• **TASK TO CARRY OUT**
Your output should be the lines from the one containing "متاسفانه این کالا" through the end of the listing, exact and inclusive, with no pictures.

☆ ☆ ☆

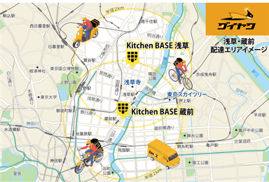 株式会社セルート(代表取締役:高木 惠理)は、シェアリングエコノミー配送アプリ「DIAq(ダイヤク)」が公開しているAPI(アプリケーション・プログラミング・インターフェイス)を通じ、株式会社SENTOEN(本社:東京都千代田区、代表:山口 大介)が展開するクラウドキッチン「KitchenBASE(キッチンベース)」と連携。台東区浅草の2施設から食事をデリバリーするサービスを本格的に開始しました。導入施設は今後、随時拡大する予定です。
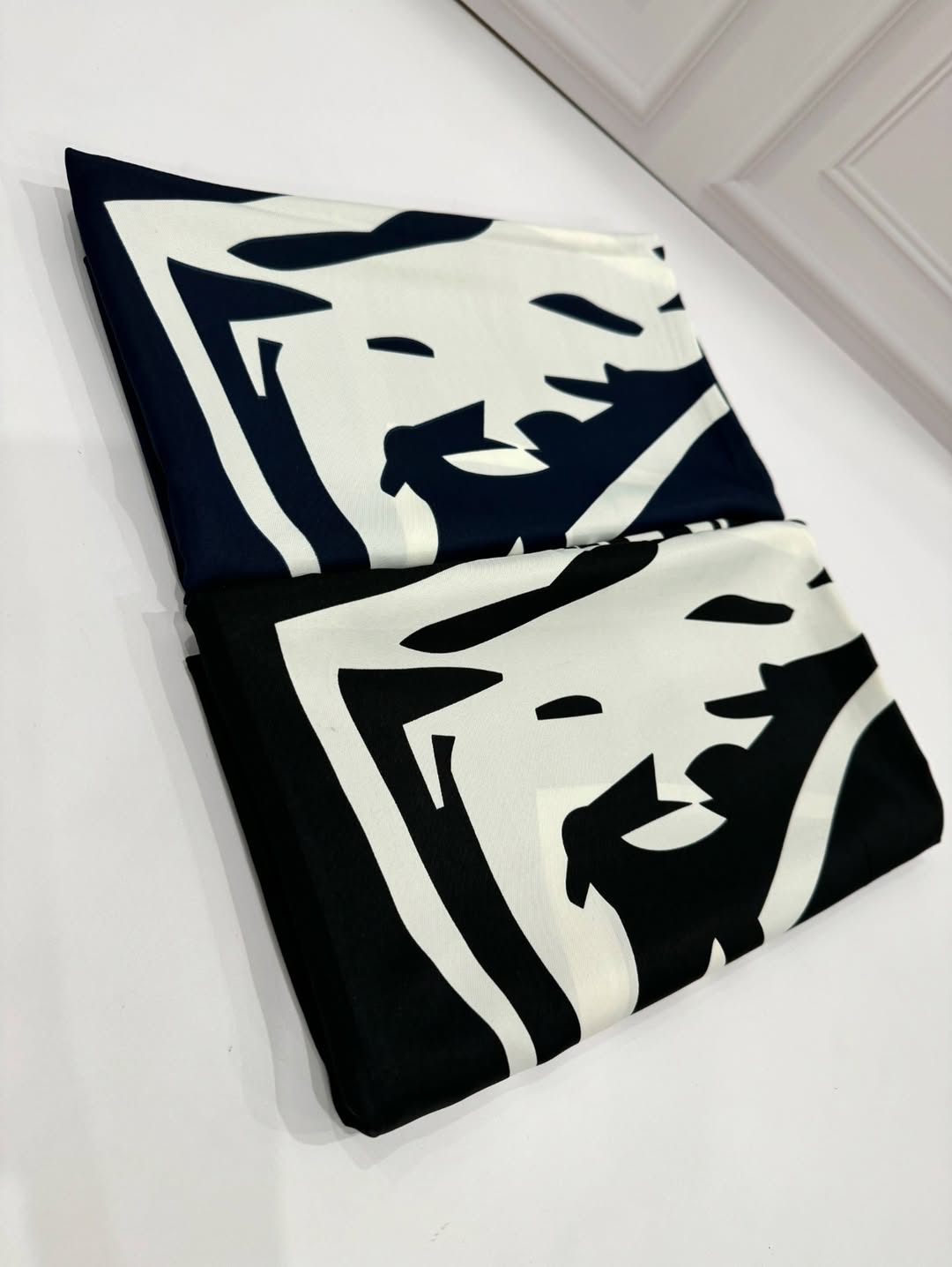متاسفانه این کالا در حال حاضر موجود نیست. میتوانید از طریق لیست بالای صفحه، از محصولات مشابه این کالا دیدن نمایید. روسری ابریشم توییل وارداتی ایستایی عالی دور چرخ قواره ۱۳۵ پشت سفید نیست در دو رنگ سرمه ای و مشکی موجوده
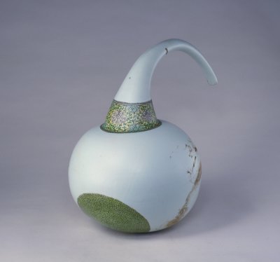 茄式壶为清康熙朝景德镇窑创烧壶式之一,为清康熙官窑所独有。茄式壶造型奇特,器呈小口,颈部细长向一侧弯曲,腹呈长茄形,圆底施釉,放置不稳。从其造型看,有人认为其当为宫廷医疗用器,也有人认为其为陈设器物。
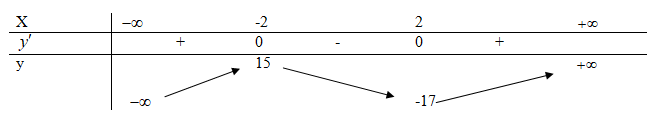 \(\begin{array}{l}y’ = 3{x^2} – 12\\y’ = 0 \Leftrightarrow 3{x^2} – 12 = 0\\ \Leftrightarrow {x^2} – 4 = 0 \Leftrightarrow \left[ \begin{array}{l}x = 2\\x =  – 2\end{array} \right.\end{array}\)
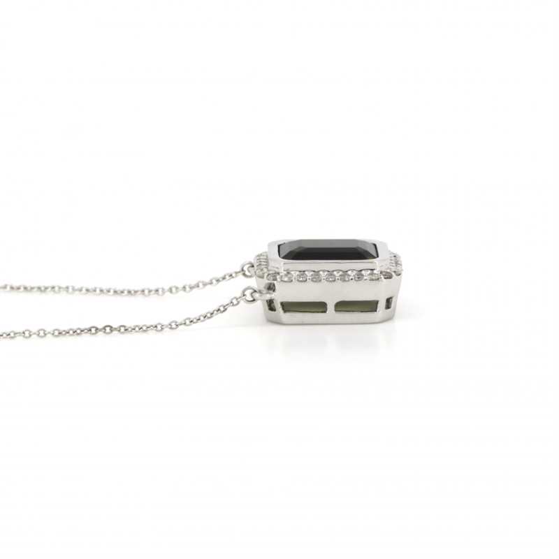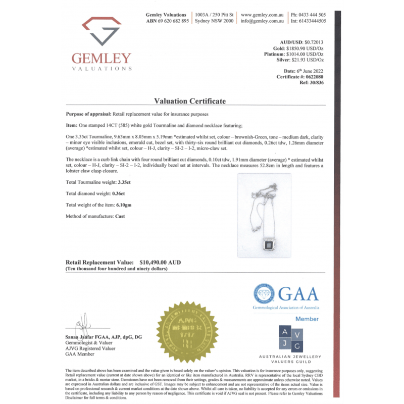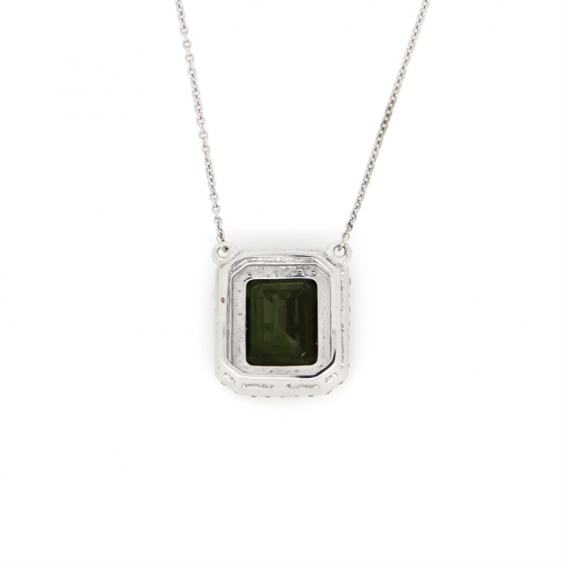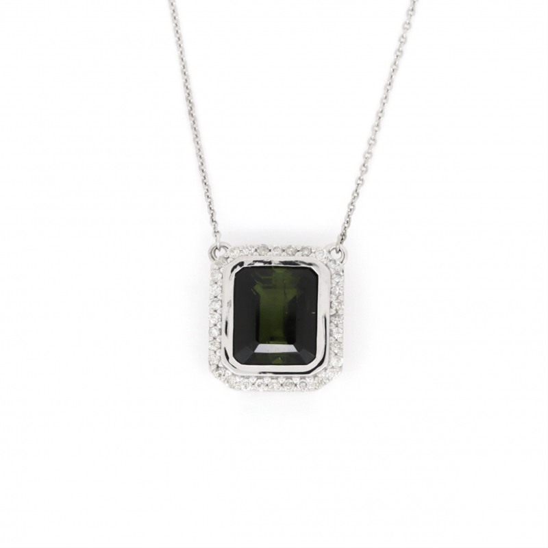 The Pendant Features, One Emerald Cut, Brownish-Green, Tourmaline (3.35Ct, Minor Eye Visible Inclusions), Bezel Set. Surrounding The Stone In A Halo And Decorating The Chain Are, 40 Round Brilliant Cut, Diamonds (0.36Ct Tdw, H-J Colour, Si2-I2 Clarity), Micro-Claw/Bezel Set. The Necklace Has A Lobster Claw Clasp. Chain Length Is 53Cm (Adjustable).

☆ ☆ ☆

• **RESPONSE**
متاسفانه این کالا در حال حاضر موجود نیست. میتوانید از طریق لیست بالای صفحه، از محصولات مشابه این کالا دیدن نمایید. روسری ابریشم توییل وارداتی ایستایی عالی دور چرخ قواره ۱۳۵ پشت سفید نیست در دو رنگ سرمه ای و مشکی موجوده
 茄式壶为清康熙朝景德镇窑创烧壶式之一,为清康熙官窑所独有。茄式壶造型奇特,器呈小口,颈部细长向一侧弯曲,腹呈长茄形,圆底施釉,放置不稳。从其造型看,有人认为其当为宫廷医疗用器,也有人认为其为陈设器物。
 \(\begin{array}{l}y’ = 3{x^2} – 12\\y’ = 0 \Leftrightarrow 3{x^2} – 12 = 0\\ \Leftrightarrow {x^2} – 4 = 0 \Leftrightarrow \left[ \begin{array}{l}x = 2\\x =  – 2\end{array} \right.\end{array}\)
 The Pendant Features, One Emerald Cut, Brownish-Green, Tourmaline (3.35Ct, Minor Eye Visible Inclusions), Bezel Set. Surrounding The Stone In A Halo And Decorating The Chain Are, 40 Round Brilliant Cut, Diamonds (0.36Ct Tdw, H-J Colour, Si2-I2 Clarity), Micro-Claw/Bezel Set. The Necklace Has A Lobster Claw Clasp. Chain Length Is 53Cm (Adjustable).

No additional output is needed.